Die Nachricht, dass die Smashing Pumpkins weltweit an verschiedenen außergewöhnlichen Orten spielen wollen und auch in Hamburg, hatte sich in der Stadt schnell herumgesprochen. Bandkopf Billy Corgan hatte die Reeperbahn unter anderem deshalb ausgewählt, weil hier die von ihm verehrten Beatles ihre Karriere begonnen hatten. Der sechsstellige Zuschuss einer Brauerei sicherte den Auftritt, die Reeperbahn wurde Zeuge des Auftakts einer Konzertreise, die später auch in den Tivoli nach Kopenhagen oder in das Guggenheim Museum in Bilbao führen sollte.

Hausdächer besetzt

Am 14. Mai war es in Hamburg soweit: Eine frühlingshafte, fast sommerliche Stimmung lag an diesem Tag in der Luft. Tausende Anhänger der US-Rocker strömten bereits ab dem Nachmittag aus den U- und S-Bahn-Schächten Richtung Spielbudenplatz. Gut eingedeckt mit Bierdosen verwandelten sie den sandigen Platz bis zum Abend in ein riesiges Festivalgelände.
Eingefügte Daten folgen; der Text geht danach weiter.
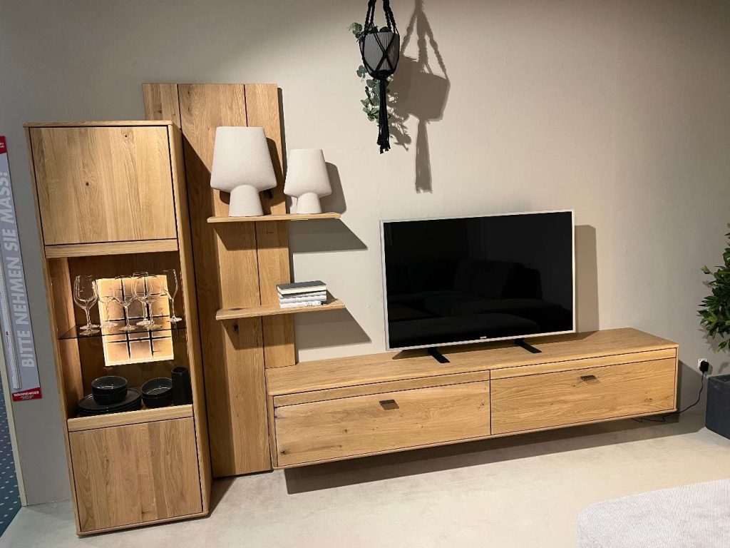 Ein besonderes Highlight ist die integrierte Beleuchtung, die nicht nur die unvergleichliche Schönheit des Holzes betont, sondern auch für eine angenehme und stilvolle Lichtstimmung sorgt. Diese innovative Lösung unterstreicht die Vielseitigkeit des Möbels und hebt Ihre Lieblingsobjekte gekonnt hervor. Ob in einem modernen oder klassischen Ambiente, dieses Möbelstück findet seinen Platz und bereichert jeden Raum mit seiner Präsenz und Funktionalität. Lassen Sie sich von der Schönheit und dem praktischen Design dieses Möbelstücks begeistern und setzen Sie ein Statement in Ihrem Zuhause.

Die Anzahl der Menschen überstieg schnell die erwartete Zahl. Etwa 25.000 Fans warteten auf die Musiker aus Chicago, besetzten dabei auch Bäume, Balkone, Bushaltestellen und Hausdächer. Die Reeperbahn musste wegen des Andrangs sogar für den Straßenverkehr gesperrt werden. Eine Atmosphäre, die schon vor Konzertbeginn Legendäres erwarten ließ.
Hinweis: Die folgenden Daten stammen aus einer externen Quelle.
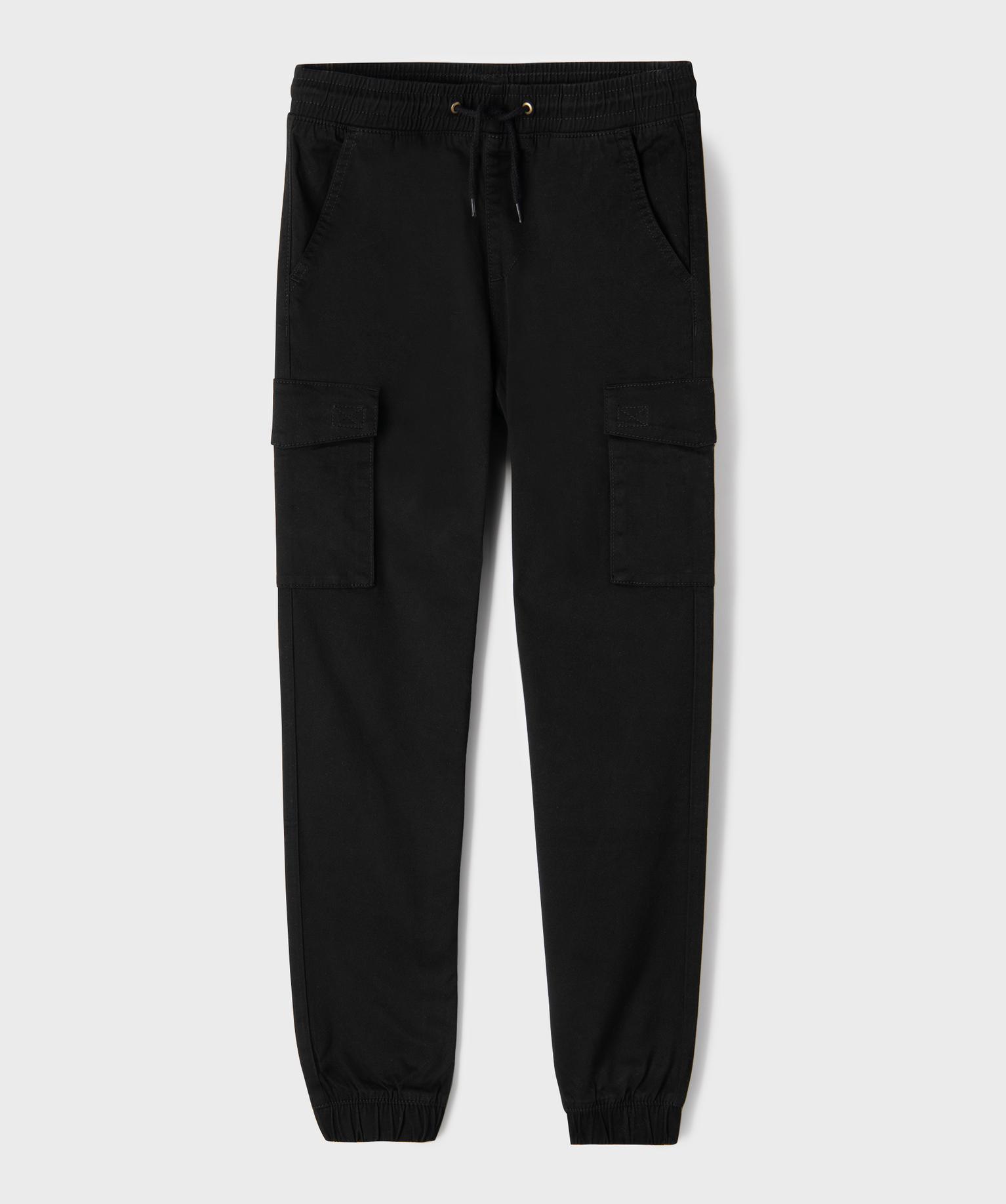 Pantalon cargo jogger en coton stretch à taille élastiquée garçon noir

Als die Smashing Pumpkins dann gegen 19.30 Uhr die in Relation zur Menschenmasse verhältnismäßig kleine Bühne in Höhe Davidstraße betraten, war der Jubel groß, die Erwartungen der Fans gigantisch: Welche der alten Klassiker würden gespielt werden und wie kommen die neuen Songs des erst im Juni erscheinenden Albums "Adore" an?

Corgan in schwarz

Gespannt wartete die Menge auf Billy Corgan. Diesen als charismatisch zu beschreiben, macht es zu einfach. Irgendwo zwischen Genie und Wahnsinn, Schmerz und Pathos, Exzentrik und Verträumtheit ist er wahrscheinlich am besten einzuordnen. Dazu eine Stimme, die unvergleichlich ist in der Musikwelt - und die den Aufstieg vom Undergroundtipp zum Superstar maßgeblich vorantrieb.
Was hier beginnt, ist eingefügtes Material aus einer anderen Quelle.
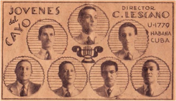 Parfois le groupe reste mentionné comme sexteto y compris en 1933, année très riche, qui débute avec une prestation pour le club sportif de Lucayo puis pour le Club Moderno. Une autre grande fête, celle des Employés de la Crusellas, compte sur les partenaires de Miguelito tout comme le Teatro Nacional en mars. " Los JÓVENES del CAYO" participent à diverses fêtes et bailes au Liceo Arroyo Arenas, au Club Bellamar, à La Tropical, à des hommages... En juin le septeto est partie prenante du Gran Festival Ideales avec de nombreuses formations puis à la fête du Fortuna Sport Club et de la Monumental Verbena organisée au Centro Gallego. Le mois suivant la formation est à l'inauguration du Cerro Social Club et à la fête du ClubVillareño où elle partage la scène, comme souvent, avec Neno GONZÁLEZ et Paulina ÁLVAREZ recidivant pour le baile des Dependientes de Viveres en août. L'association des Canariens organise en octobre sa Verbena avec parmi les orchestres invités " Los JÓVENES del CAYO" et le mois suivant les soneros participent à la Noche Azul au Centro Castellano et au baile du Club Imperial dans les jardins de La Tropical. En décembre la formation de Miguelito anime la fête du Club Deportivo Europa dans le même lieu. |

Doch nicht nur der Songschreiber, Gitarrist und Sänger der Band machte den großen Erfolg dieser Musik am Ende des Jahrtausends aus - auch die anderen "Kürbisse", wie die Bandmitglieder von ihren Anhängern liebevoll genannt wurden: Der Keyboarder war zwar zwei Jahre zuvor an seinem Drogenkonsum gestorben, der Drummer daraufhin gefeuert worden, doch die kühl erotische Bassistin D'Acry Wretzky und der geniale Gitarrist James Iha gaben der Musik der Pumpkins einen ebenso unverwechselbaren Klang wie die Stimme Corgans.

Ganz in schwarz betrat dieser die Hamburger Bühne und sang: "To Sheila" - ein langsames Stück, eine Ballade. Doch die Fans waren schon jetzt überwältigt von der Atmosphäre und von dem großartigen Sound, der in diesen Minuten den Stadtteil St. Pauli beschallte. Nach einigen ruhigen Melodien, die den Stilwechsel der Band mit dem neuen Album verkündeten, folgten dann altbekannte Werke wie "Tonight, Tonight", "Bullet With Butterfly Wings" oder "1979", die wie gemacht für diesen Abend schienen - ein wunderbares Gefühl aus Melancholie und Glück war für einige lange Augenblicke greifbar.

"Lehmitz" gestürmt

Die Band spielte druckvoll und wirkte trotzdem manchmal fast abwesend. Das übertrug sich auf das Publikum: Ein Teil tanzte wild und übte sich im Crowdsurfen vor der Bühne, andere standen einfach nur gebannt da, nahezu entrückt. Gefangen genommen war wohl jeder auf seine Art von dieser Musik. Mit dem letzten Song dürfte auch dem kühlsten Musikkritiker endgültig warm ums Herz geworden sein: Die Smashing Pumpkins spielten ein Coverstück - "Transmission" - eine Hommage an die legendäre Band Joy Division und ihren früh gestorbenen Sänger Ian Curtis.

Nach dem etwa 100 Minuten dauernden Konzert stürmten die Fans die Kiezkneipen. Der Andrang war so groß, dass im legendären Rockerladen "Lehmitz" Bier zeitweise nur noch in kompletten Kisten und Schnaps nur noch in vollen Flaschen verkauft wurde. Doch das war an diesem Abend nebensächlich, denn das Gesprächsthema Nummer eins war natürlich der soeben erlebte Auftritt.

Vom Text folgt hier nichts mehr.